“You two kiss and make up?” My lame attempt to lighten the mood. Also, I was curious. Slidell glowered at me, clearly not open to a discussion of his rapport with Tinker. I changed the subject. “New Hampshire shares a border with Vermont.”
“I’ll shoot Ajax’s face to Rodas,” Barrow said. “See if that shakes anything loose up there. In the meantime, I got hours of video from places Leal might have gone the week before she died. I’ll keep plowing through that, see if the kid appears. See if anyone suspicious is near her. And I got people going through footage taken in the time window our guy must have off-loaded Leal. Roads he might have driven to get to the overpass.”
“How many hours you talking about?”
“You don’t want to know.”
“Ajax thinks he’s smart.” Slidell pushed to his feet. “The arrogant prick is going down.”
“What can I do?” I asked.
“Take me off speed dial.”
I glared at Slidell’s retreating back.
I was at the MCME when Slidell finally phoned. I could have written the reports at home, but somehow, being at the morgue made me feel less marginalized.
“Donovan arrived at Mercy at 11:40 P.M. on August 22, 2012. Got three stitches in her forehead. She was discharged at 1:10 A.M. The uniforms who brought her drove her to a shelter. Ajax is on record as the treating physician.”
I felt my pulse rush. Made a very special point of not interrupting.
“Leal arrived at 2:20 P.M. on August 27, 2014. A Dr. Berger treated her for abdominal cramping, advised over-the-counter meds. The parents took her home at 4:40 P.M.”
“Was Ajax working that day?”
“Yes.”
“Any other ER staff coincide on those two occasions?”
“Five.”
“I thought the list would be longer.”
“Two years go by, people move around. Plus, we got lucky. One kid landed at night, the other during the day.”
“Different shifts.”
“Eeyuh.”
“Do any of the five still work at Mercy?”
“Three.” I heard the flutter of the ubiquitous spiral. “A CNA name of Ellis Yoder. That’s a certified nurse’s assistant.”
I knew that. Said nothing.
“Alice Hamilton, also a CNA. Jewell Neighbors, a guest relations specialist. Makes the place sound like the friggin’ Ritz.”
GRS. That one I didn’t know.
“One nurse, Blanche Oxendine, retired. Another, Ella Mae Nesbitt, moved out of state.”
“Have you talked to any of them?”
“Been too busy touching up my spray tan.”
I waited out a brief pause.
“Oxendine’s sixty-six, widowed. Worked ten years at Mercy, thirty-two at Presbyterian before that. Lives with her daughter and two grandkids. Has arthritis, weak bones, and a bad bladder.”
I could only imagine that conversation. “Did Oxendine remember either of the girls?”
“Leal, vaguely. Donovan not at all.”
“What did she think of Ajax?”
“Liked that his breath always smelled nice.”
“That’s it?”
“Feels too many jobs these days are going to foreigners.”
“Is she Internet-savvy?” Not sure why I asked that.
“Thinks computers are the ruin of today’s youth.”
“What about Nesbitt?”
“Thirty-two, single, worked at Mercy four years after getting her degree. Moved to Florence in September to take care of her eightynine-year-old mother. The old lady fell and broke a hip.”

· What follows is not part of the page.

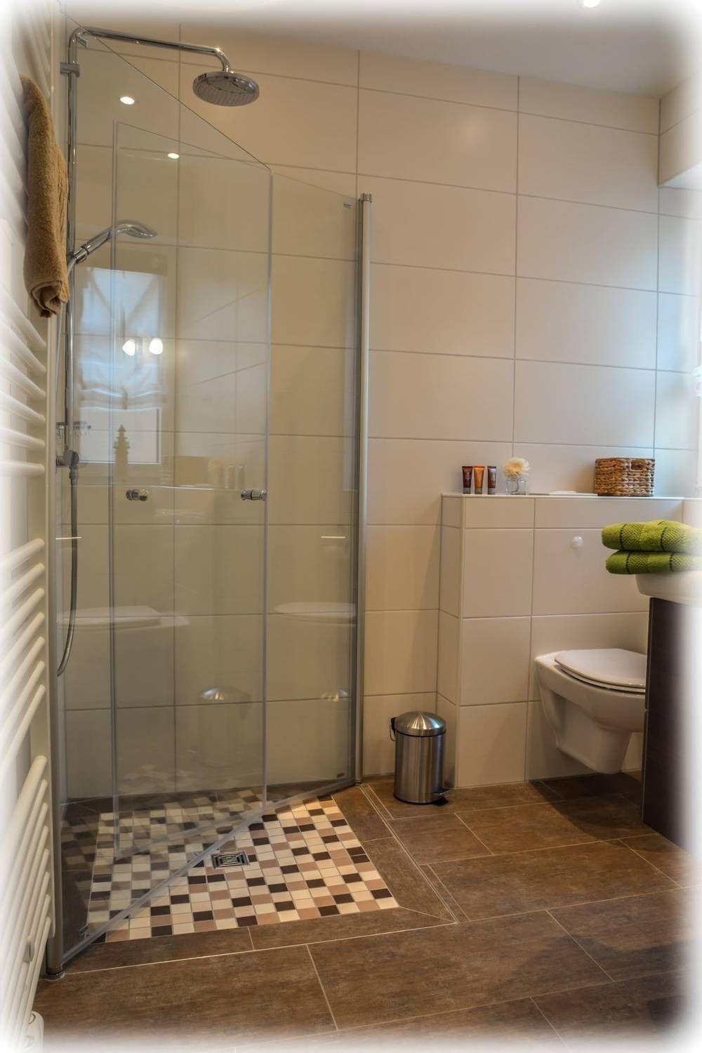 Das Tageslicht-Bad ist mit einer 1,00 x 1,00 m große ebenerdigen Dusche, welche auch mit einem Nass-Rollstuhl oder Gehwagen genutzt werden kann, ausgestattet. Die Echtglas-Duschabtrennung lässt sich komplett aufklappen. Das Wellness-Duschsystem mit Regen- und Massagedusche verspricht Wohlfühlen. Hier steht Ihnen auch ein Dusch-Hocker zur Verfügung. Ein großes Waschbecken samt Unterschrank mit 2 geräumigen Schubladen, ein Spiegel und ein Hänge-WC runden das Angebot ab. Fön und beleuchteter Kosmetikspiegel, elektrischer Dusch-Abzieher sind vorhanden.
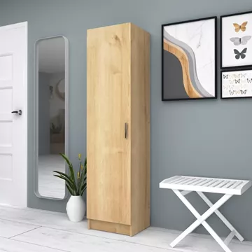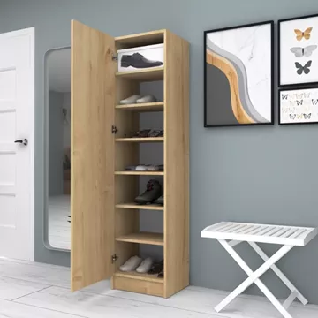 Ντουλάπα ρούχων - παπουτσοθήκη Petro Megapap μονόφυλλη χρώμα φυσικό οξιάς 45x38x180εκ.

“So Nesbitt wasn’t living in Charlotte on the dates Nance and Leal were killed.”
“Nope.”
“Does she use a computer?”
“For email and online shopping.”
“Her thoughts on Ajax?”
“Said he was a little too stiff for her taste. Chalked it up to cultural differences. Whatever that means. Felt he was a decent enough doctor.”
“Did she—”
“Remembered Donovan because she assisted Ajax with the suturing. Said the kid was belligerent, probably on something. Drew a blank on Leal.”
“So neither one raised an alarm?”
“Hell-o. Our doer plays for my team.”
Slidell was right. The DNA on Leal’s jacket said her killer was male.
“What about the others?” I asked.
“Thought I’d swing by the hospital now.”
“See you there,” I said, and disconnected before Slidell could object.